Consider $U = \left\lbrace x\in\mathbb{R}^2: r\leq \|x\| \leq R \text{ for some } 0<r<R \right\rbrace$ and $ f: \mathbb{R}^2 \setminus{U} \to \mathbb{R}^n \setminus f(U)$.
The inverse of f is continuous, but $\mathbb{R}^n\setminus f(U)$ is simply connected and the pre-image is not!
What is wrong with this argument? I understand that $f(U)$ doesn't necessarily have to be an annulus, but slap on some continuous $g: \mathbb{R}^n \to \mathbb{R}^n$ and it will be one.
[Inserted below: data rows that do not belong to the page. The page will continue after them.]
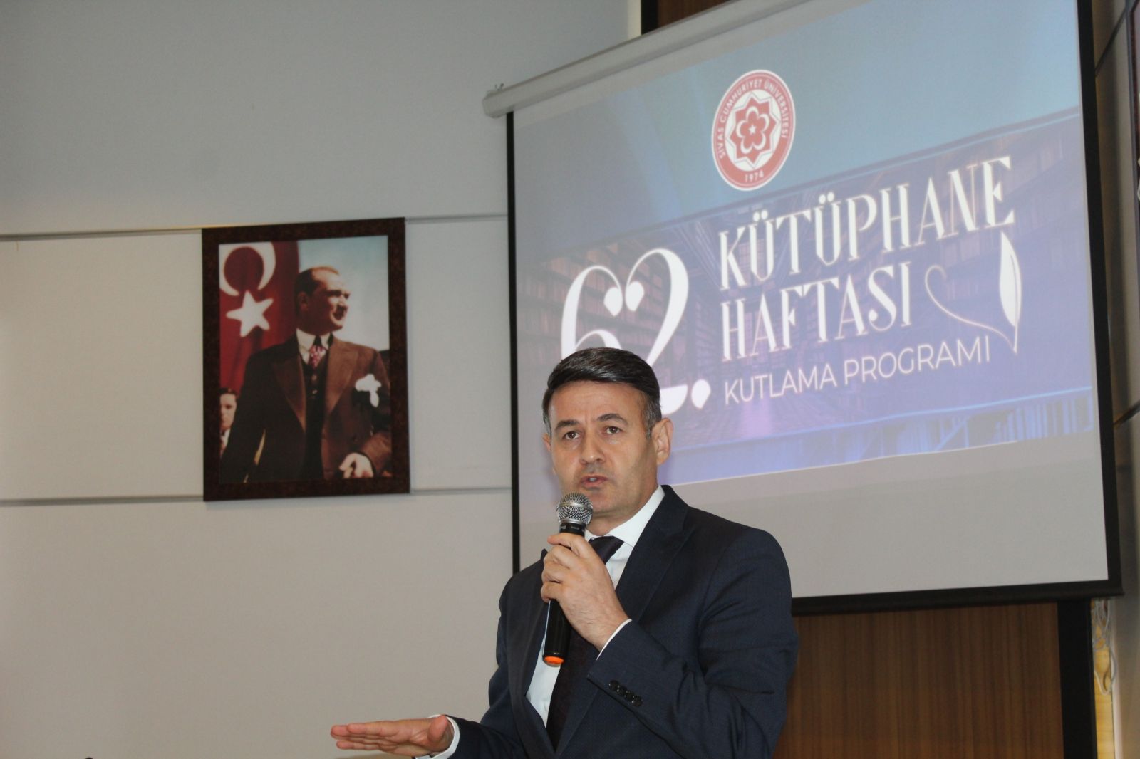 Fakültemiz Abdulvahabi Gazi Konferans Salonu’nda 62. Kütüphaneler Haftası nedeniyle kutlama programı düzenlendi. Programa Rektör Vekili Prof. Dr. Süleyman Değirmen, çok sayıda fakülte dekanı, akademik ve idari personel ile üniversitemizin çeşitli fakültelerinden öğrenciler katıldı. Programın açılışında Fakülte Dekanımız Prof. Dr. Bilal Deliser ve Kütüphane Daire Başkanı Alper Duran birer konuşma yaptılar.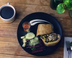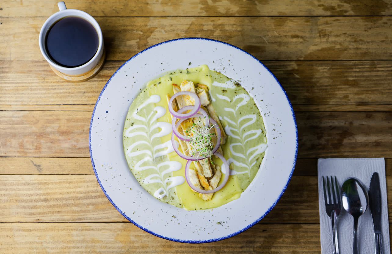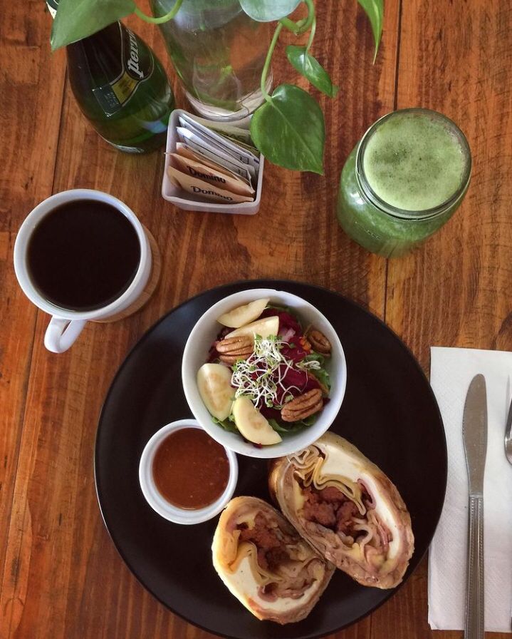 Relleno de mix de quesos, pimientos salteados con cebolla, pimientos, espinacas, elote amarillo y champiñones servidos con ensalada de la casa, incluye café y fruta.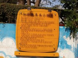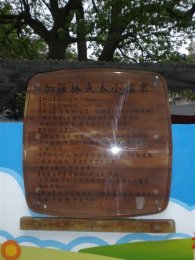 下圖是97年4月13日下午拍攝的,圍牆上的木牌,是加羅林魚木的小檔案,內文如下: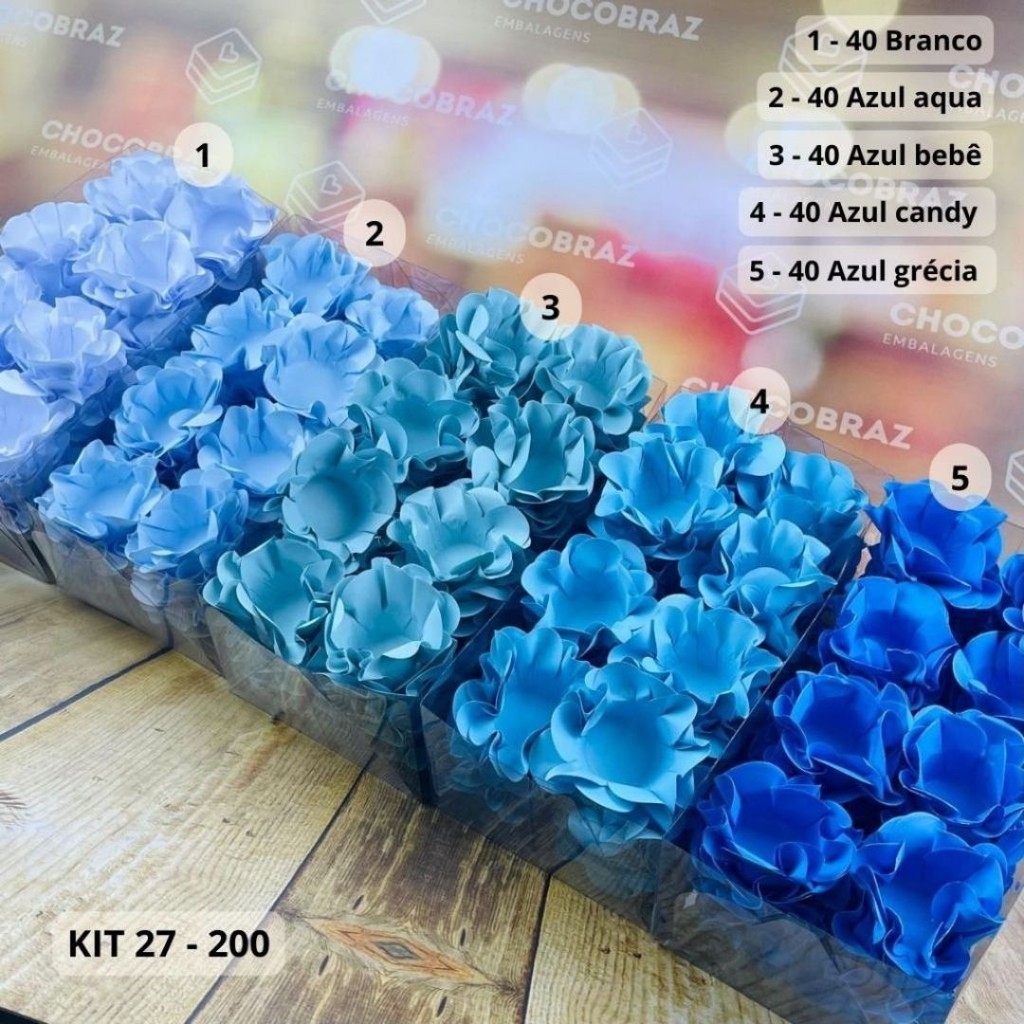 KIT 200 Forminhas De Doces Festa AZUL BEBE + AZUL AQUA + BRANCO + AZUL CANDY + AZUL GRÉCIA

Also, I was suggested that creating a quotient space can reduce the case back to $\mathbb{R}^2$ to $\mathbb{R}$. I thought about two equivalence relation:
$x \sim y \iff \|x\|= \|y\|$ w.r.t. Euclidean norm.
$(x_{1},x_{2}) = x$; $x \sim y \iff x_{1}= y_{1}$
Would either of these be alright? I am aware the first one creates a half line. I have had no practice with quotient space so I'd rather not dabble in it, to be honest.
Thanks.
The issue with your argument goes like this: the annulus $U$ is homotopic to a circle, and since $f$ is a homeomorphism its image $f(U)$ is also homotopic to a circle. This means that unless $f$ is the constant map, $\mathbb{R}^n\setminus f(U)$ amounts to $\mathbb{R}^n$ minus a wedge of circles, which is not simply connected. For example, think of a loop that links nontrivially with one of these circles; this loop cannot contract to a point.
Like William suggests, taking away a single point is the better strategy here.